Task goal
The material below holds a span beginning at the line with "- Γυναικείο fluffy" and ending at the line with "公示顯示,南陽中聯(lián". Quote that span exactly, both ends included, and only that span.

Data for review
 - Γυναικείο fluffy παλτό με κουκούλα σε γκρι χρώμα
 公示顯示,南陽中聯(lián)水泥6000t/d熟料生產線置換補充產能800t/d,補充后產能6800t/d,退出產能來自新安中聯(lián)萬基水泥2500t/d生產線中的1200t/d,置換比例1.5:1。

---

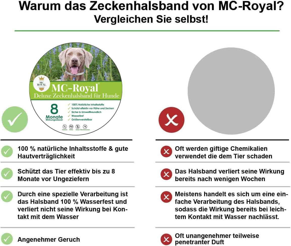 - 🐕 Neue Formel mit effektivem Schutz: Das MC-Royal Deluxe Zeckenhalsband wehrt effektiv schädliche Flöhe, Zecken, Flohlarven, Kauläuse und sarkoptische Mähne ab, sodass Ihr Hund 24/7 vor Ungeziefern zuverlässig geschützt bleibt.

* * *

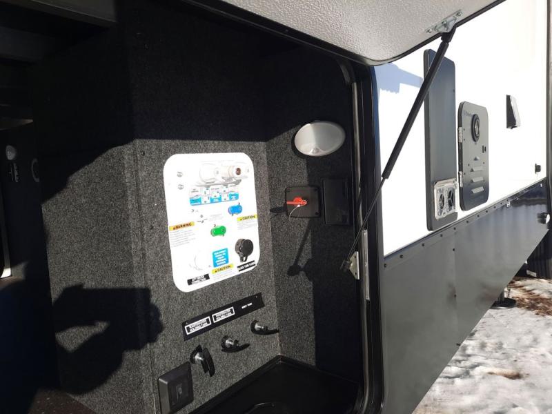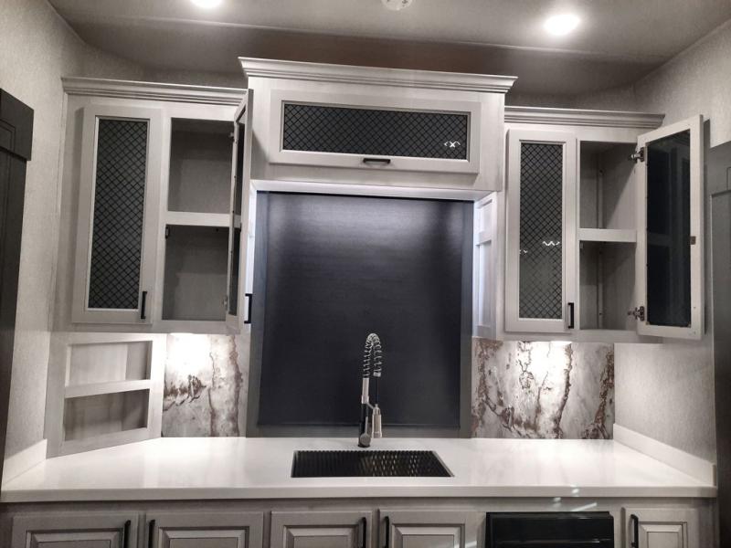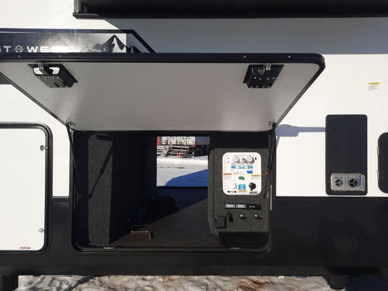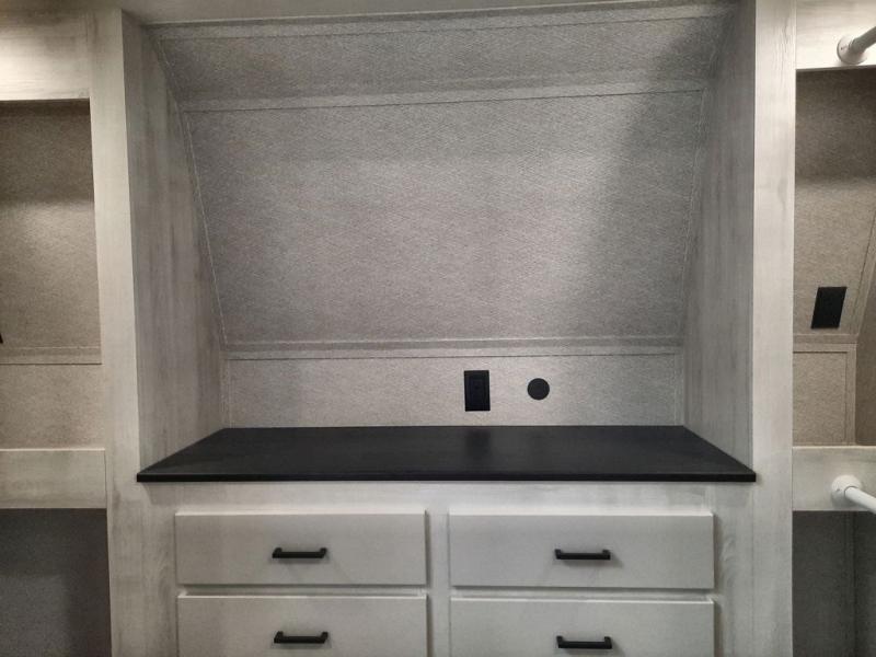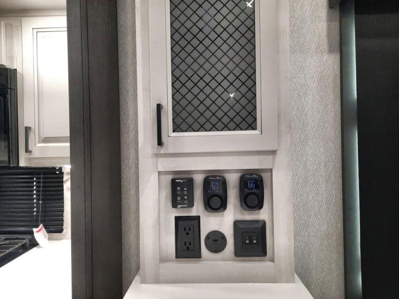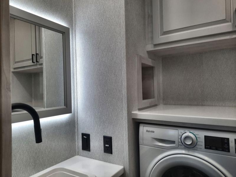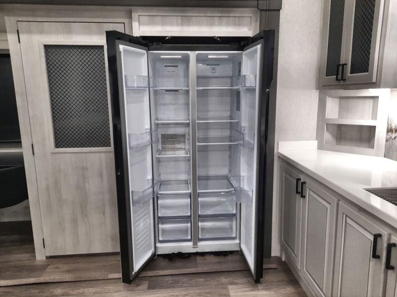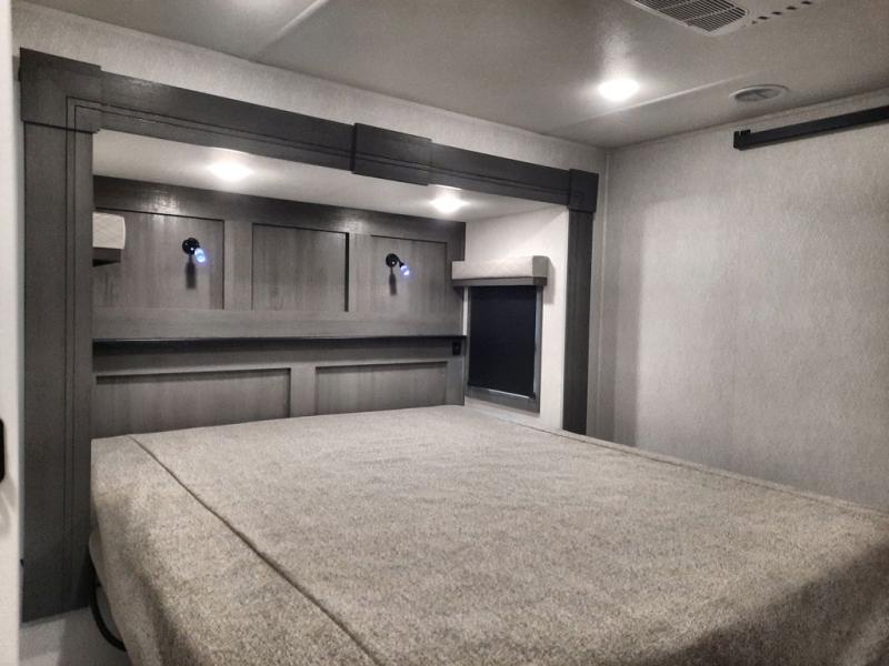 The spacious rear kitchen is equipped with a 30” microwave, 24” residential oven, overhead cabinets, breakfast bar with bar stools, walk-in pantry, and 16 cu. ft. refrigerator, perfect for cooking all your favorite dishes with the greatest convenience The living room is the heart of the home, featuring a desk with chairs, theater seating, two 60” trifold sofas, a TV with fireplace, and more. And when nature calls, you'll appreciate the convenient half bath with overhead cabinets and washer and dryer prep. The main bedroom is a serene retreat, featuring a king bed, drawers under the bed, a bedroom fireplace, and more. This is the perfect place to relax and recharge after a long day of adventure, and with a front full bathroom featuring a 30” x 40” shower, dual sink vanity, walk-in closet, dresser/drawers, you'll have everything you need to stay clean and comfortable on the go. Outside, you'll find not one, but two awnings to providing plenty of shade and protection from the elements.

Response below
 - Γυναικείο fluffy παλτό με κουκούλα σε γκρι χρώμα
 公示顯示,南陽中聯(lián)水泥6000t/d熟料生產線置換補充產能800t/d,補充后產能6800t/d,退出產能來自新安中聯(lián)萬基水泥2500t/d生產線中的1200t/d,置換比例1.5:1。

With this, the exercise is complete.